Academics and Research / News

DU faculty retooling for online teaching

Online teaching isn’t new. But, it’s conventionally been targeted toward nontraditional students or used when a professor couldn’t be in the classroom.

DU’s Center for Teaching and Learning (CTL) has a different approach. Through a pilot program, they’re helping professors set up online courses for traditional undergraduate courses. The idea is that students are looking for options, and online classes can achieve high quality and be very interactive.

“There’s a misconception that students are less engaged in an online course,” says Bridget Arend, associate director of instructional development at the CTL. “Our feedback from students in this pilot is that because of the small class sizes and frequent interaction, students often feel a better connection to their classmates and professor in an online setting.”

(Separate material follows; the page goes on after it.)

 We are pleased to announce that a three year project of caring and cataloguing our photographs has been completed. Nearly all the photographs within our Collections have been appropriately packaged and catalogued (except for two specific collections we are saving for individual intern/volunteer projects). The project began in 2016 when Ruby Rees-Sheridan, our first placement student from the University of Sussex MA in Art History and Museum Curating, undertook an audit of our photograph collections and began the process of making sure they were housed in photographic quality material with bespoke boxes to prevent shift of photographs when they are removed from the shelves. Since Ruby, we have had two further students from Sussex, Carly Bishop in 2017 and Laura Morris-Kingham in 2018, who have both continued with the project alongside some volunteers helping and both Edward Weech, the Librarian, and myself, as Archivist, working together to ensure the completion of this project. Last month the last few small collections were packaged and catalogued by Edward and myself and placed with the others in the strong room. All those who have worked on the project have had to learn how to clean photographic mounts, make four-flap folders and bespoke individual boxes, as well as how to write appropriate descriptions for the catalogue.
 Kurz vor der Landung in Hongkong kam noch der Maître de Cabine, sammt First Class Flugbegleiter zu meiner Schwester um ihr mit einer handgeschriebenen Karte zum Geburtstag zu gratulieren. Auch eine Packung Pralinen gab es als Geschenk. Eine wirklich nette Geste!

Mike Keables says he felt his students were a lot more active in his online course than in a standard lecture.

Keables, DU’s associate dean of natural sciences and mathematics and an associate professor of geography, was one of the first faculty members at the University to participate in the pilot program.

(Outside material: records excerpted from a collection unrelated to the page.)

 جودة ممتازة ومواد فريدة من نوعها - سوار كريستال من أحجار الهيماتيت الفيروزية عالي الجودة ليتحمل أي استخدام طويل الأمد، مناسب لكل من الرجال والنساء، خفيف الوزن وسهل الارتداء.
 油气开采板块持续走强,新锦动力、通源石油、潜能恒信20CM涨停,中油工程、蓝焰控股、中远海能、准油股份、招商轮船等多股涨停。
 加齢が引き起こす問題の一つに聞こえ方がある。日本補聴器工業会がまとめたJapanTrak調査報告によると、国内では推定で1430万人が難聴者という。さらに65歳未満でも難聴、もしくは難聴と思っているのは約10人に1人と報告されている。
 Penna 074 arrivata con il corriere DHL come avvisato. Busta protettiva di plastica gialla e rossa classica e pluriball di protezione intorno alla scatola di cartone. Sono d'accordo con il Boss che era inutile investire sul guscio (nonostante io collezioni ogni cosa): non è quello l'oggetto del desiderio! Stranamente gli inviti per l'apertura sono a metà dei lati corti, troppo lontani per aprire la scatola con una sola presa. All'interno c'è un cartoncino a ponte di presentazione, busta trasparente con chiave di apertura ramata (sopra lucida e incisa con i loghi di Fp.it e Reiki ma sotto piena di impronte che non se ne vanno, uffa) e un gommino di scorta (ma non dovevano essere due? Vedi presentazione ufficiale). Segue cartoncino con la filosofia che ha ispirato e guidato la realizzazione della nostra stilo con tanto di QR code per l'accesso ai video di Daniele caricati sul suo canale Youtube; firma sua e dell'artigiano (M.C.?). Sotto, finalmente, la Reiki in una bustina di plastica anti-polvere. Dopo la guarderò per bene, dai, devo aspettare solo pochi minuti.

He taught Environmental Systems I — an introductory meteorology course — online. 

“Online courses take a lot more prep time for faculty up front,” Keables says. “But, that time investment improves each time you teach the course.”

Keables also wondered if his students would do as well. He’s found students in his online courses perform the same as his students in class. He gives comparable exams, so he can gauge whether students understand the material.

The CTL offers a three-week course to help professors prepare for online course. Naturally, it’s online so professors can learn from doing.

“The Teaching Online Workshop provided me with an excellent foundation for what it takes to develop an effective online course,” Keables says. “It also challenged me to think differently about how to present content and keep the students engaged in the learning process.”

The online course Keables developed from the workshop ended up winning a national award from Blackboard — a Washington, D.C.-based software maker — that recognizes best practice in online course design. Keables’ award was announced at the Blackboard World Conference in Las Vegas in July.

“It’s a nice recognition of my effort and the help I received from the CTL,” he says.